Planned exhibition
From May until September 2016, the Robert Guttmann Gallery will be hosting an exhibition entitled Castaways in Shanghai: The Hongkew Ghetto through the Lens of Arthur Rothstein, featuring scenes and images of the Hongkew Ghetto as depicted by the American photographer Arthur Rothstein (1915–1985) in April 1946: entrance to the ghetto in the Hongkew district, living quarters in Chaoufoong Street, a woman distributing food rations from UNRRA, stateless children born into Jewish refugee families in China, a game of outdoor chess, a makeshift outdoor kitchen in an inner courtyard, soup with matzo dumplings prepared in a traditional Chinese pot, an evacuation notice-board, mail sorting, a group of people checking the latest lists of survivors from concentration camps in Europe...

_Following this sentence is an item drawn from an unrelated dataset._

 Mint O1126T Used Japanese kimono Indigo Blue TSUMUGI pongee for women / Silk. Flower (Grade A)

These documentary photographs from Shanghai later became famous after their publication. Rothstein took them at the start of his assignment in China as chief photographer for the United Nations Relief and Rehabilitation Administration (UNRRA), following his discharge from the military. His main task was to document the activity of this international organization, which at the time mainly involved distributing food aid and organizing the repatriation of Jewish refugees back to Europe.

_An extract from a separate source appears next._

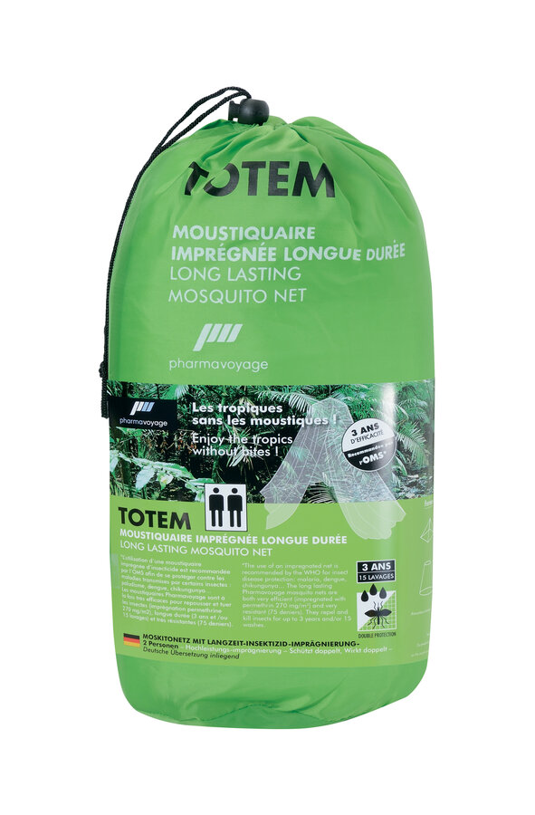 Thanks to its impregnation technology, the Pharmavoyage mosquito net is a so-called «long-lasting» mosquito net (270 mg permethrin) and is very resistant (75 denier). The use of an impregnated mosquito net is rec-ommended by WHO in order to protect against certain insectborne diseases: malaria, dengue, chikungunya, etc. Ideal for use in hotels or at home. Suitable for use with a double bed. Large and high living space.

Rothstein's documentary photographs captured the atmosphere of the Hongkew slum immediately after the war. Covering an area of about 2.5 square kilometres, the ghetto was set up by the Japanese occupation authorities as a designated area for European Jewish refugees who had arrived in Shanghai since 1937. In operation between 18 February 1943 and 14 August, it was liberated on 3 September 1945. A large number of European Jewish refugees were still in the ghetto at the time of its liberation, with as many as 20,000 having made their various ways there between 1938 and 1942.
Against the backdrop of Rothstein's photo reportage, the exhibition Castaways in Shanghai: The Hongkew Ghetto through the Lens of Arthur Rothstein aims to draw attention to the fate of the Czechoslovak nationals who formed a small but far from insignificant group in Shanghai. On the basis of various lists from 1942–1946, there are estimated to have been between 300 and 400 people in this group, about three quarters of whom were Jews.